I drove straight down Maple despite the traffic, which eased up once I crossed over Woodward and passed through Birmingham. As I turned onto the Country Club grounds just beyond the overhead pedestrian bridge, I followed the slight curve and noticed Veronica’s delivery truck. She had parked just beyond the fountain, right outside the Club’s front entrance. But I couldn’t see her; I looked a little too long, nearly missing the stalker’s Chrysler, which was backed into a parking spot in front of a Maserati sedan. The Chrysler’s driver recognized me and started the engine—the day-time running lights snapped on—but not quickly enough. I hammered the gas and stopped in front of the other Chrysler, blocking it from escaping. I stared out the window and noticed the same female from before—blond curls, big glasses, and a face that hinted at innocence. Leanne?

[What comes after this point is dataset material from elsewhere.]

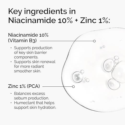 Содржи 10% ниацинамид (витамин B3) и 1% цинк PCA, кои помагаат во регулирање на маснотијата, намалување на појавата на пори и подобрување на чистотата на кожата.

The tinted glass kept the interior dark enough that I couldn’t be sure. I needed to get a closer look.
Harmless, right?
I killed the engine and stepped out of my car, walking around to the other Chrysler’s driver’s door. I hammered on the window, fully exposed. Concealed weapons behind the tinted windows of a motorized vehicle weren’t exactly unheard of in Detroit, but I wasn’t thinking clearly.
“Open up,” I shouted at the driver. “Open your fucking window!”
I watched the shadow behind the dark glass and imagined the woman’s eyes growing wide with worry. Fuck, is that Nathan’s wife?
I couldn’t see her eyes, not past those big sunglasses, and I didn’t know if she had a gun behind that door, or a tazer or some other concealed weapon.
I hammered on the window a little harder. “Open the fucking window!”
Then, from behind me: “Elliot.”
I felt her hand on my shoulder, but I shrugged it away.
“Elliot,” Veronica repeated, flinging her phone in front of me. “You want to take this call.”
I kept my eyes on the driver as I considered the phone. I saw the timer on the screen—0:46 and counting.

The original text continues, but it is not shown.